Headless and remote modes

Not every run should happen in front of a person at a terminal. You want to fire the agent from a script, run it in CI, or push it onto a bigger remote machine and let it work. Supporting that cleanly means structured input and output instead of interactive prompts, and a way to grant permissions ahead of time so the agent is not stuck waiting on an answer no one is there to give.
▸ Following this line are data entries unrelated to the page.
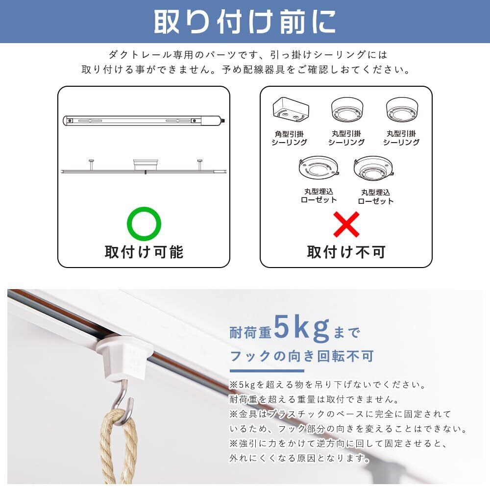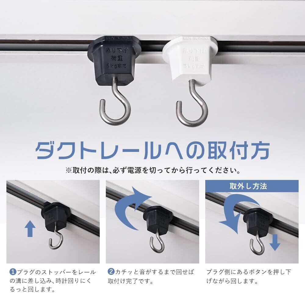 【工事不要・簡単取付け】:天井取付レール用のフックです。レールにはめ込んで回すだけで固定できます!金具はプラスチックのベースに完全に固定されており、回転しないので非常に安定しています。手軽に取り付けることも出来るので、初心者でも女性でも便利です!
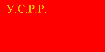 Red with in the upper hoist yellow cyrillic initials (URSR) in sanserif.
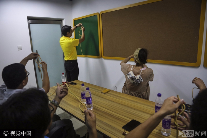 2017年8月1日,北京,老队员给志愿者们进行培训。
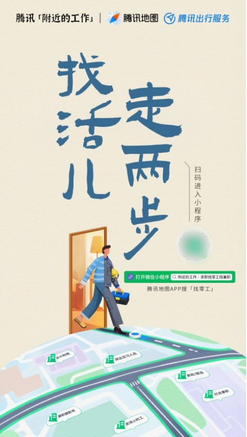 自2024年10月腾讯出行服务在广东江门市率先推出「附近的工作」功能以来,该服务已逐步覆盖河北唐山、江西九江、广东深圳、北京朝阳等多个省市,并与各地人社部门密切合作,累计帮助2.4万余名用户实现就业意向。腾讯通过整合平台技术与各方资源,不仅为零工群体提供了便捷高效的就业服务,也为零工经济的发展提供了切实有效的解决方案和长远发展路径。

It also opens the door to running several agents at once on separate sandboxes, which is far more appealing once the sandbox story is already solid. slop is architected specifically to support this. When I launch it from the CLI it trampolines a server process. But I can also explicitly launch the server process and run a session entirely using ACP. slop also divorces the hands from the brain. Because I support sandboxes, the agent can read or write files, run commands and so on on a machine running outside the process.

FinOps for inference APIs

Tokens cost money, and an agent is very good at spending them. Long contexts, retries, and loops that run a little too long all add up, and without measurement you only find out at the end of the month. So I track cost per run and set limits that stop a run before it gets silly. I also route simple steps to a cheaper model instead of paying top rates for work that does not need it.

This loops back to why I built 🤦 slop in the first place. The current prices are propped up by subsidies that will not last, so the agent that understands and controls its own spend is the one that keeps making sense when the cheap era ends. Coding agents like Claude are currently deeply discounting the harness tokens from the tokens as listed on the price. Organizations are in for a pretty bad sticker shock very soon.

Coding agents also form the backbone of many of the other agentic experiences for other integrations. It is no fluke that Claude Code and Codex got a nice UI and they called it Cowork and the Codex app. Once you understand the mechanics you will know that the CLI/TUI is just an interface and what matters for these coding agents is the engine that beats in it.

Go ahead and build your own coding agent. May the source be with you.